Thursday, December 15, 2016

New Corpora

Bamanankan Lexicon

IARPA Babel Tagalog Language Pack IARPA-babel106-v0.2g

TAC KBP Spanish Cross-lingual Entity Linking - Comprehensive Training and Evaluation Data 2012-2014


Renew your LDC membership today

Membership Year 2017 (MY2017) is open for joining and discounts are available for those who keep their membership current and join early in the year. Now through March 1, 2017, current MY2016 members who renew before March 1, will receive a 10% discount off of the membership fee. New or returning organizations will receive a 5% discount through March 1. 

In addition to receiving new publications, current year LDC members also enjoy the benefit of licensing older data at reduced costs from our Catalog of almost 700 holdings; current year for-profit members may use most data for commercial applications.

Plans for MY2017 publications are in progress.

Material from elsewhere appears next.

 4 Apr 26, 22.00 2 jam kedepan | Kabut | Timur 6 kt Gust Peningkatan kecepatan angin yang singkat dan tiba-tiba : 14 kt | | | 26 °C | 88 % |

Among the expected releases are:

  • 2010 NIST Speaker Recognition Evaluation data set
  • Multilanguage conversational telephone speech: developed to support language identification research in related languages
  • UCLA High Speed Laryngeal Database: audio recordings and high-speed video endoscopic images of the vocal folds while sustaining vowels
  • Noisy TIMIT: TIMIT with added artificial noise
  • CHiME shared task data: noisy read WSJ speech
  • First Year Law Students’ Memoranda: memos to a hypothetical court with annotations
  • IARPA Babel Language Packs: languages include Vietnamese, Haitian Creole, Zulu, Kazakh and Lithuanian
  • BOLT: source, parallel and word-aligned data in all languages
  • RATS Keyword Spotting data set
  • GALE Phases 3 and 4: all tasks and languages   

And don’t forget, MY2016 and MY2015 are still open for joining. MY2015 can be joined through December 31, 2016 and includes data such as RATS Speech Activity Detection and updates to Penn Treebank. MY 2016 will remain open through December 31, 2017 and includes data such as BOLT Chinese Discussion Forums, IARPA Babel Language Packs and Multi-Language Conversational Telephone Speech – Slavic Group. For full descriptions of these data sets, visit our Catalog.  

Visit Join LDC for details on membership, user accounts and payment.

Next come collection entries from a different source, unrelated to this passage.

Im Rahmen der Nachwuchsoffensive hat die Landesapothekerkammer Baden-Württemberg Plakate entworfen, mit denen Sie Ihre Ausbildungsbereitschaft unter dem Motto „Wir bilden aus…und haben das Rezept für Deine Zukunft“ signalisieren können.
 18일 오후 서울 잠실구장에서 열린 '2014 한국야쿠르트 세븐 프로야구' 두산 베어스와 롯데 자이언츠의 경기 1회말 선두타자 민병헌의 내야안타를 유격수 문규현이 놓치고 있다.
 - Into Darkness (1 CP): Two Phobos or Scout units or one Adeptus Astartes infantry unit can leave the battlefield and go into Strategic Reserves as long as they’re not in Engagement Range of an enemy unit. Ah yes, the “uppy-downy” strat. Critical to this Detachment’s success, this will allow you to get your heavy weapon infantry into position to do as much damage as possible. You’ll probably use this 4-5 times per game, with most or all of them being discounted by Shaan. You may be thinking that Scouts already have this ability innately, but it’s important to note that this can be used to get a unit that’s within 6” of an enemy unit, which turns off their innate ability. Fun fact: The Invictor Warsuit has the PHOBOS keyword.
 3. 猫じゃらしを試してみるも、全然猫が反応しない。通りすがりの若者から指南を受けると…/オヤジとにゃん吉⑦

Spring 2017 LDC Data Scholarship Program - deadline approaching

Students can apply for the Spring 2017 Data Scholarship Program now through January 16, 2017, 11:59PM EST. The LDC Data Scholarship program provides undergraduate and graduate students with access to LDC data at no cost.

For more information on application requirements and program rules, please visit LDC Data Scholarships. Students can email their applications to the LDC Data Scholarships program. Decisions will be sent by email from the same address.

LDC to close for Winter Break

LDC will be closed from Monday, December 26, 2016 through Monday, January 2, 2017 in accordance with the University of Pennsylvania Winter Break Policy. Our offices will reopen on Tuesday, January 3, 2017. Requests received for membership renewals and corpora during the Winter Break will not be processed until the week of January 3.